Pass all parameters of one shell script to another

Question

I have a shell script to which i am passing few parameters. Test1.sh -a 1 -b 2 -c "One Two Three"

Inside Test1.sh i am calling another shell script in the below fashion. Test2.sh $*

I want to pass all the parameters to Test2, that were passed to Test1 and also in the same format (with double quotes etc). However the parameters that get passed to Test2 are Test2.sh -a 1 -b 2 -c One Two Three which doesnt work for me.
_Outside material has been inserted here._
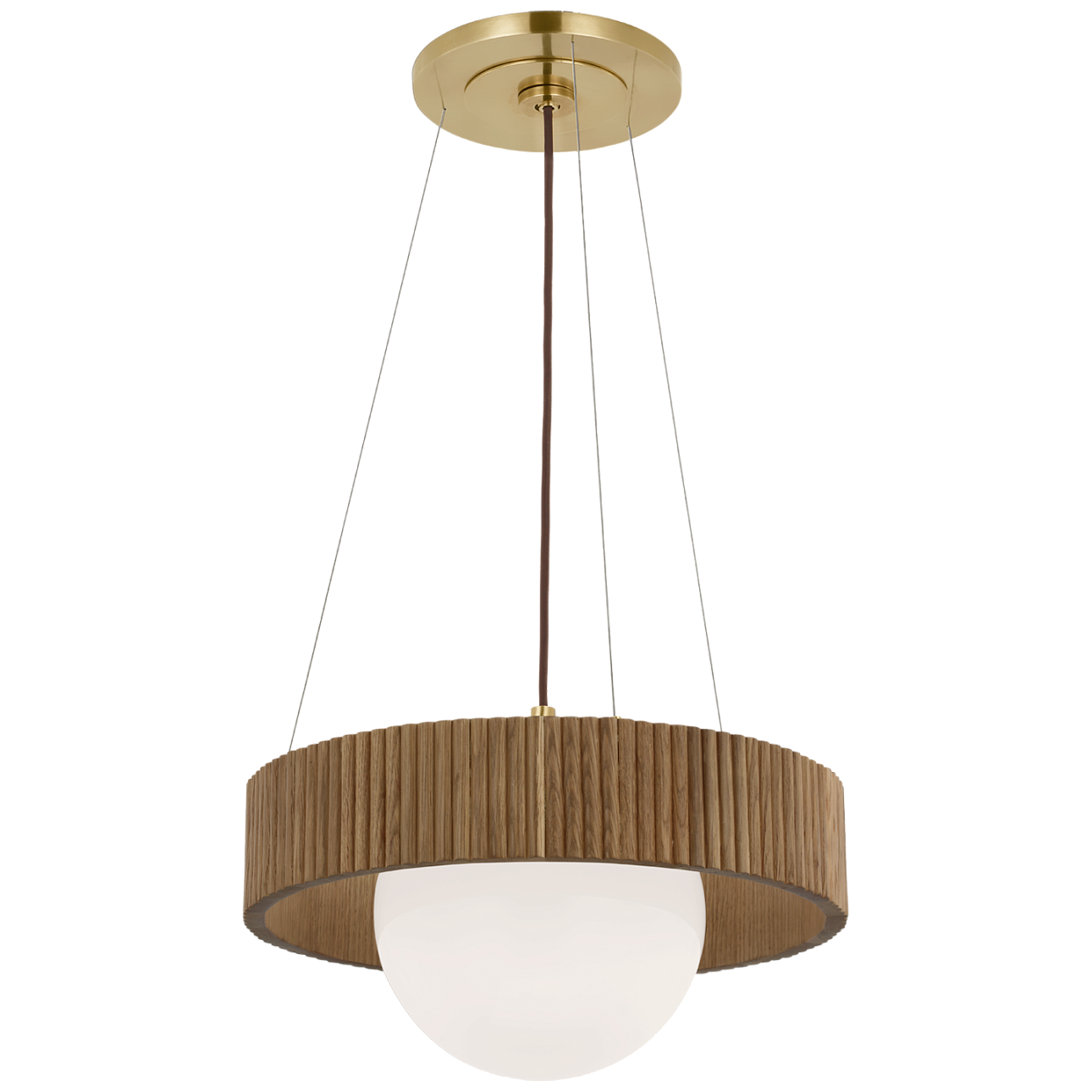 Люстра Arena от премиального американского бренда Visual Comfort изготавливается из металла в отделке состаренная латунь, натурального дуба и стекла белого цвета. Работает от лампочки максимальной мощностью 60 Вт. Высота общая: 696 см. Размер крепления 22 см.

Is there a way around it so that i can pass the parameters the same way as I am passing to Test1.

Thanks Zabi

Answer 1

You need to say:

Test2.sh "$@"

Refer to Special Parameters :

@

Expands to the positional parameters, starting from one. When the expansion occurs within double quotes, each parameter expands to a separate word. That is, "$@" is equivalent to "$1" "$2" ... . If the double-quoted expansion occurs within a word, the expansion of the first parameter is joined with the beginning part of the original word, and the expansion of the last parameter is joined with the last part of the original word. When there are no positional parameters, "$@" and $@ expand to nothing (ie, they are removed).

The manual says:

"$*" is equivalent to "$1c$2c..." , where c is the first character of the value of the IFS variable.

which explains the result you're observing.